» Exercise aim: Word for word, please restate the line that contains "VETRINA IN LEGNO" and all lines after it through the end of the material, minus the pictures.

» Given material:
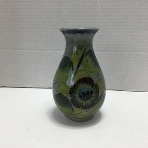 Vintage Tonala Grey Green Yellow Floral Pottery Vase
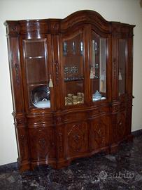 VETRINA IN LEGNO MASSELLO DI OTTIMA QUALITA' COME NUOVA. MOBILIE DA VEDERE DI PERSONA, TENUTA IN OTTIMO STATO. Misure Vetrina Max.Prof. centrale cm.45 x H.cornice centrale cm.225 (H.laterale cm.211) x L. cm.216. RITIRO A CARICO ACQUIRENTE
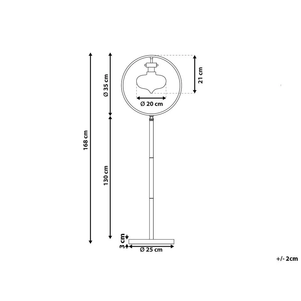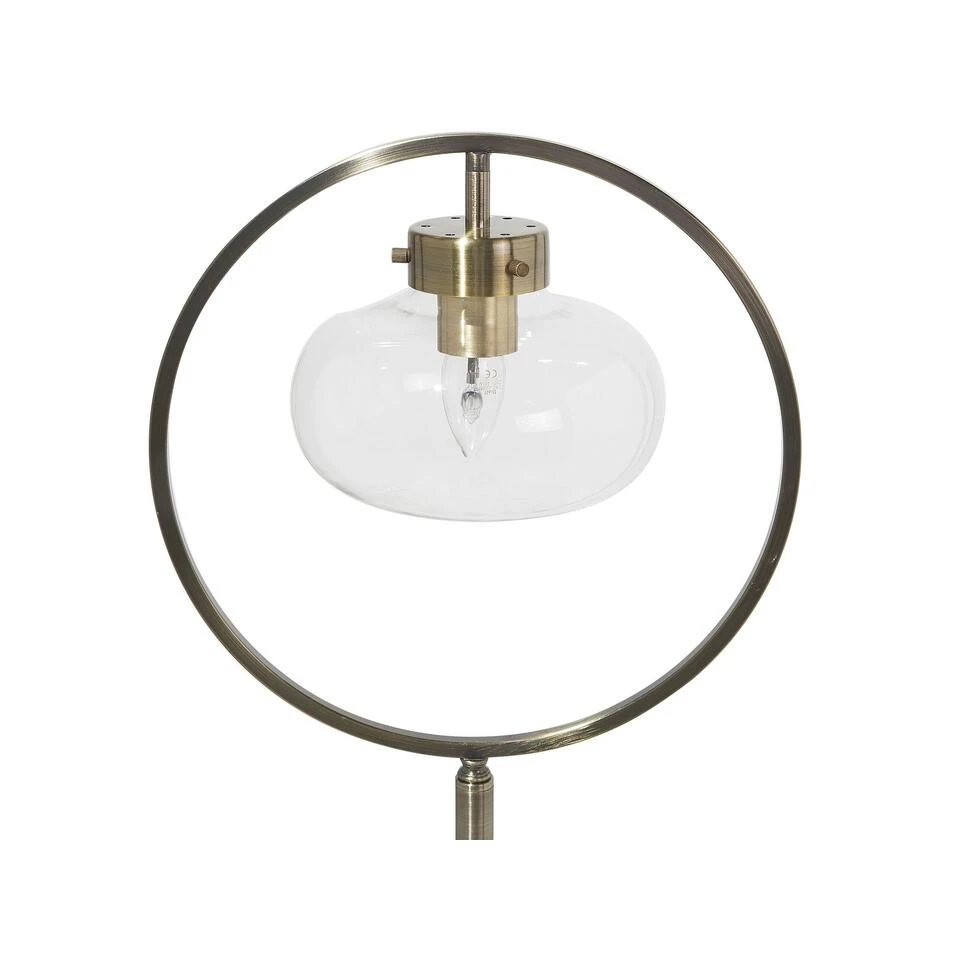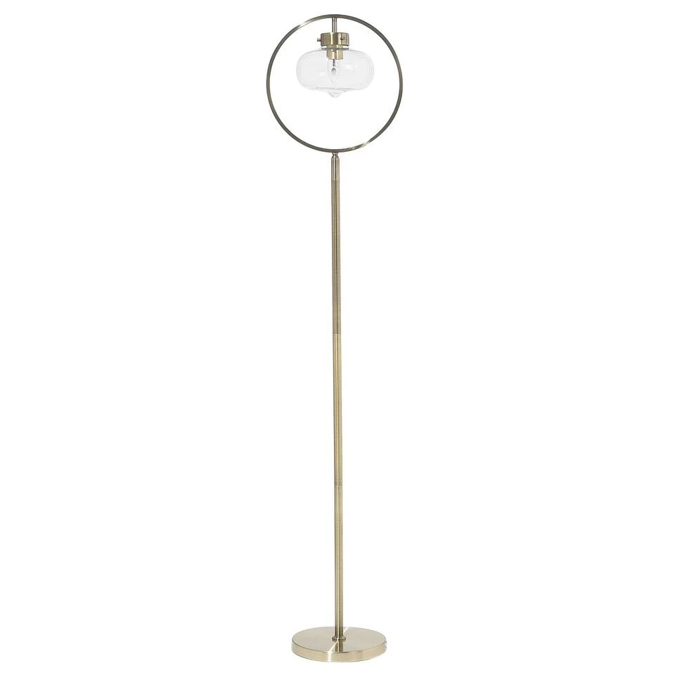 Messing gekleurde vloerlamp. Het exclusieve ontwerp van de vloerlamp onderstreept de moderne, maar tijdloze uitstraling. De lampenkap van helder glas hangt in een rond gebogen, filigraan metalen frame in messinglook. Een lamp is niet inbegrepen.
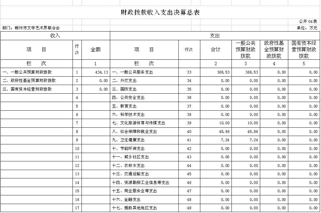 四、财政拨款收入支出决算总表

» Response to this task:
 VETRINA IN LEGNO MASSELLO DI OTTIMA QUALITA' COME NUOVA. MOBILIE DA VEDERE DI PERSONA, TENUTA IN OTTIMO STATO. Misure Vetrina Max.Prof. centrale cm.45 x H.cornice centrale cm.225 (H.laterale cm.211) x L. cm.216. RITIRO A CARICO ACQUIRENTE
 Messing gekleurde vloerlamp. Het exclusieve ontwerp van de vloerlamp onderstreept de moderne, maar tijdloze uitstraling. De lampenkap van helder glas hangt in een rond gebogen, filigraan metalen frame in messinglook. Een lamp is niet inbegrepen.
 四、财政拨款收入支出决算总表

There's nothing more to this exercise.